Python Forum

Full Version: pdf to mp3
You're currently viewing a stripped down version of our content. View the full version with proper formatting.
I'm mostly a micro python guy on ESP32 devices but recently ran across a lot of python programming videos on youtube. One caught my eye and have been trying to get it working in PyCharm. It is a program to convert a PDF file to text and then convert that to an mp3 file which is an audio file speaking the text that was in the PDF. Here is a link to the video... https://www.youtube.com/watch?v=LXsdt6RMNfY she is using oneAPI which also requires visual studio. I have installed them but they are a bit intimidating.
It is mostly working in pycharm... it does print out the text but instead of speaking the text it is saying each letter in the file.
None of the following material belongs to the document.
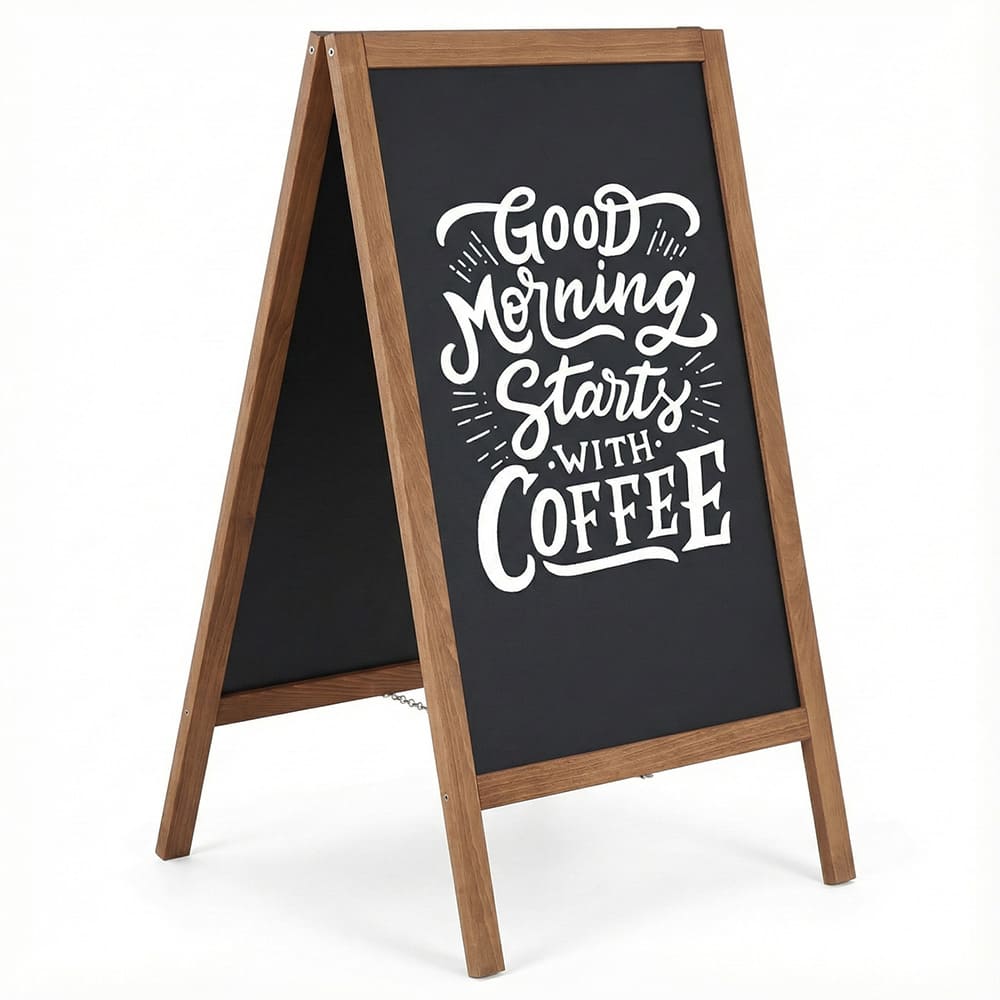 Ob als Menütafel vor deinem Restaurant, als Werbetafel im Eingangsbereich oder als flexibles Infoboard – der magnetische Holz Kundenstopper 95×54 cm Dunkelbraun verbindet natürliche Eleganz mit praktischer Vielseitigkeit. Ideal für alle, die ihre Werbung wetterfest, kreativ und professionell präsentieren möchten.

This is my version of her program... hers had some deprecation issues though is was a fairly recent video.
Not sure how I did it but at one point it displayed the output text file and it was only one letter per line which would kind of explain why it is saying each letter instead of the words.
I tired writing the text to a file but got an error.... file must have a 'write' attribute
I've included test_pdf.pdf
import pyttsx3,PyPDF2
import pickle
from PyPDF2 import PdfReader

reader = PdfReader('test_pdf.pdf')
speaker = pyttsx3.init()
text = reader.pages[0]
file = text.extract_text()
clean_text = file.strip().replace('\n', ' ')
#with open('resume.txt', 'wb') as pickle_file:
 #   pickle.dump(file, 'pickle_file')
print(file)

#pickle.dump(clean_text, 'resume.txt')
#name mp3 file whatever you would like
speaker.say(file)   
#speaker.save_to_file(file, 'story.mp3')
speaker.runAndWait()

speaker.stop()
Ok. So, this is not an issue with your program. This is the result of the text formatting on your PDF.

PDF files are kinda weird when it comes to text and these funky results are very common when extractig text.

If you look closely to the output of extract_text() you will see that there is one extra space " " between each character. One way to get rid of it is by doing so:

import pyttsx3
import pickle
from PyPDF2 import PdfReader

reader = PdfReader('test_pdf.pdf')
speaker = pyttsx3.init()
text = reader.pages[0]
file = text.extract_text()

# Removes double spaces.
clean_text = file.split(" ")

# Substitutes every empty string (actual spaces) for spaces.
clean_text = [c if c != "" else " " for c in clean_text]

# Puts back text again.
clean_text = "".join(clean_text)

# Rejoins everything in a single string.
clean_text = " ".join(clean_text.split())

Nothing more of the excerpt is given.